In the end, I never completed a single storyboard, or put together anything that could be considered a portfolio, because it turned out that even though the idea of it was appealing to me I hated actually doing it. At some point I switched from studying studio art to graphic design, and after graduating I fell pretty quickly into a crappy production art job that sucked the life out of me for nearly two years. Every day I came home desperate to save myself with some beautiful new portfolio piece that would pull me out of that situation and into something fulfilling. In that time, I finished like two or three projects, total. I could never follow through on anything because I was only trying to make what I thought I was supposed to make to get a Real Design Job.

The thing that fully broke me of this was, essentially, spending all of 2022 drawing nothing but My Little Pony fanart. I had never really drawn much fanart outside of childhood notebooks, and I certainly hadn’t shared any of it online. Suddenly I felt free, like I could do whatever I wanted, and I ended up wanting to draw all the time. Once that wall was down, it wasn’t long before I realized that my desire to be seen An Artist was killing my drive to make things.

It took some time, some conversation and some particularly striking words, but eventually I was able to make peace with the idea that I wanted something much smaller than all that. I don’t work in graphic design anymore; I have no desire to pursue creative work as a career. Nothing Doing is made on a really loose schedule, and if I feel like dropping it for awhile or forever, that’s my choice. It’s not my life, and I’m able to love it because of that. And I do love it! I’m happy to be making this stupid thing, and I’m happy to share it with other people.

All that said, there’s a little more I feel I need to talk about. I first shared this comic online on May 1, International Workers’ Day. There were a few reasons for this; for one thing, I’d already taken the day off work to goof around and it felt like a good time to do it. Mostly though, I wanted it to have a connection to the labor movement and the ongoing fight for workers’ rights. Ultimately, it’s a silly comic strip I make to complain about the weird stuff I’ve had to deal with as an office worker, but at its core it’s motivated by a deep resentment of the ways that we are forced to contort ourselves in order to survive under capitalism.

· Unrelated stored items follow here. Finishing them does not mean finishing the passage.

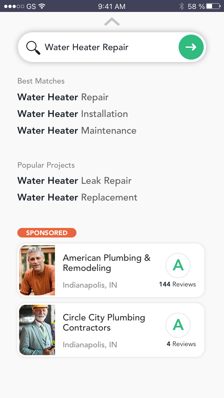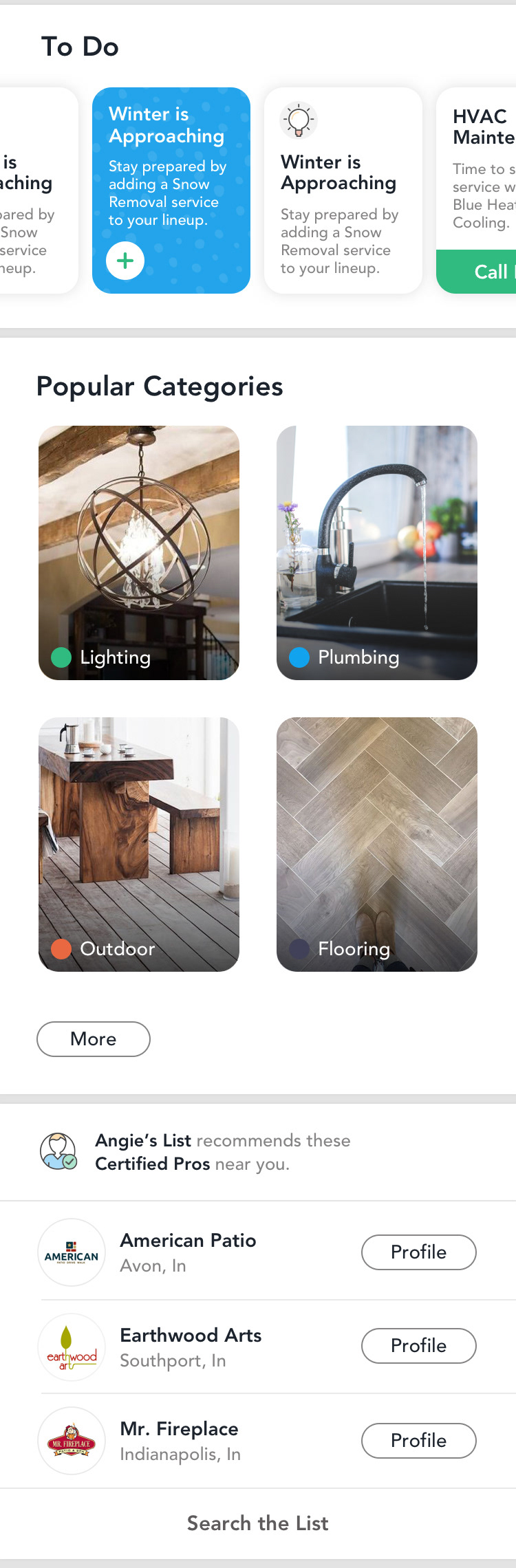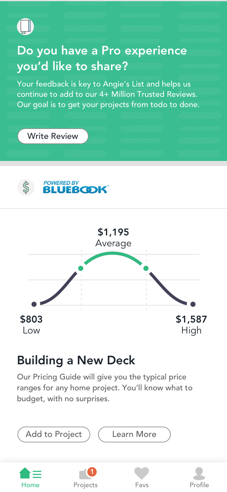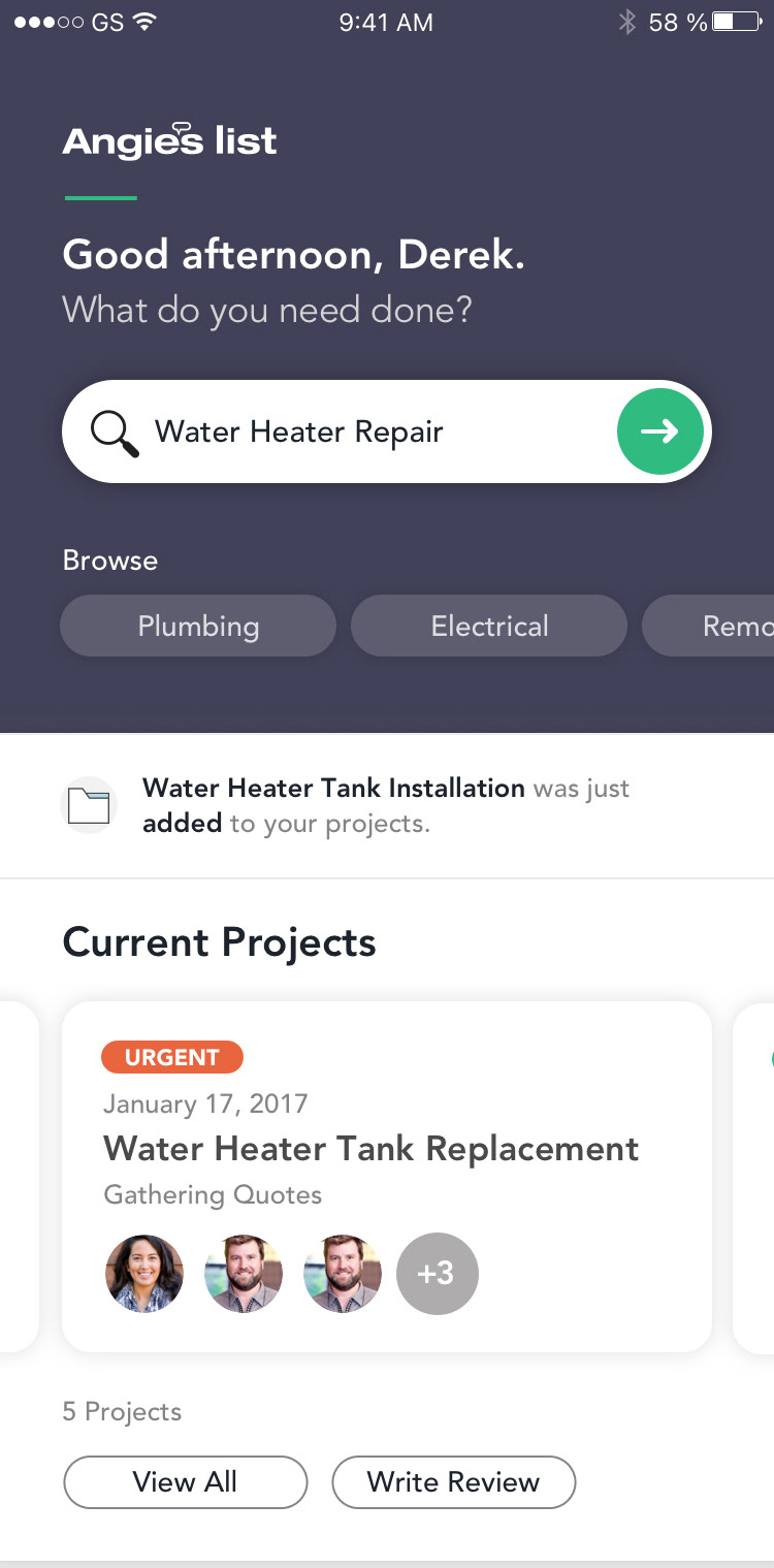 Using newly implemented brand guidelines, I worked with a small internal team to redesign the Angie's List customer-facing mobile app. Based on information from qualitative studies by our research team, we reorganized the hierarchy of information to better suit the needs and priorities of the users.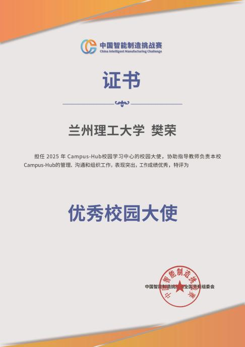 樊荣同学获评“优秀校园大使”,冯小林老师荣获“优秀HUB指导教师”。本年度评优工作由全国百余所院校的校园大使依据学习中心年度总结、活动组织频次及月度任务完成情况开展初步评定,经组委会秘书处复审后确定最终结果,全国仅12所高校获此殊荣,竞争尤为激烈。
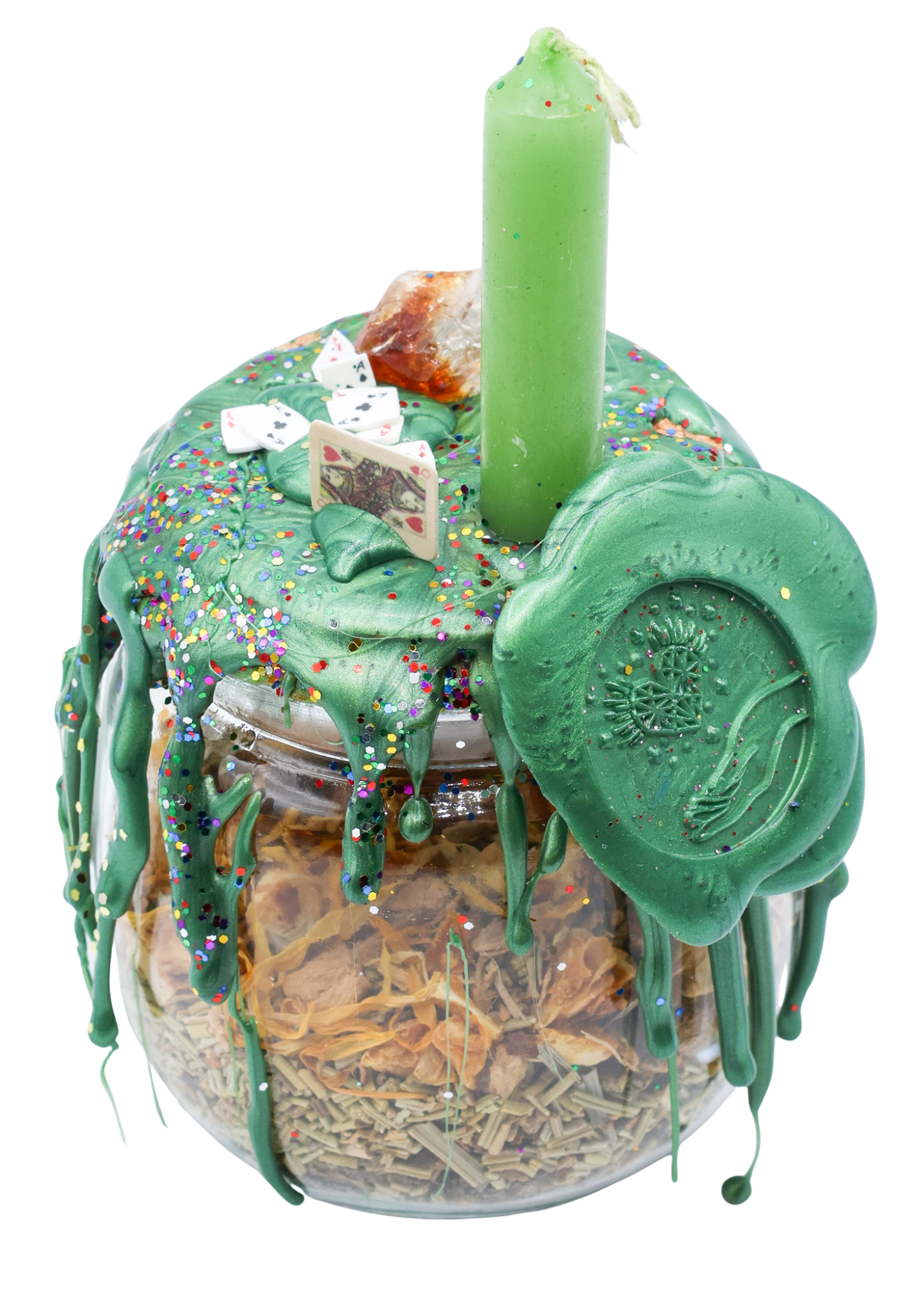 All spell jars are handmade, and variations in herbs, crystals, and ceremonial objects may occur. These differences make each jar one-of-a-kind, infused with its own special energy.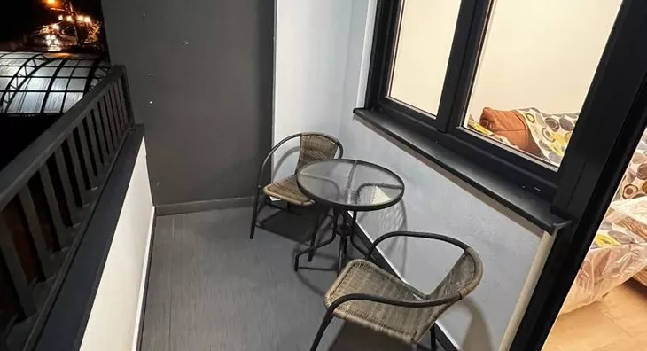 Prostor je nov i namešten sa podnim grejanjem. Stan ima kupatilo, toalet, kuhinju i terasu sa pogledom na ulicu. Opremljen je novim nameštajem i aparatima uključujući TV, klimu, veš mašinu, kuhinjske elemente, frižider, zamrzivač, rernu, šporet, ležaj i plakare. Stan poseduje tendu, roletne i komarnike.

I’m proud of what I’ve made, but given the real significance of this date I feel that just making a post about that would be a mistake. May Day is a symbol of the working class struggle for justice and control over our own lives in a system that aims to grind us down to dust. It has also, historically, been a day for resistance, as it was in 1971 when protestors gathered in Washington DC to rally against the Vietnam War and were met with a brutal police response.

Today, people across the globe are protesting the horrific atrocities being committed against the Palestinian people at the hands of the IDF. As I was writing this last night, the protestors’ encampment at Columbia University was raided with mass-arrests by the NYPD. In an intentional homage to the event in 1971, organizers in the Bay Area are putting on their own May Day protests to show solidarity with the people of Palestine and take a stand for their beliefs. In the face of all that’s happening, I hope that everyone reading can find it in themselves to do the same. If you’re looking for ways to contribute to the cause but for one reason or another are unsure of what you can bring to the table, I’ve found this article by Dr. Devon Price to be a helpful starting point (though as it’s a few months old, I’d recommend double-checking for any information that may be outdated.)

Thank you for reading, and thank you for listening. I’m going to keep making this thing as long as I feel like making it, and I hope you’ll keep reading it as long as you feel like reading it.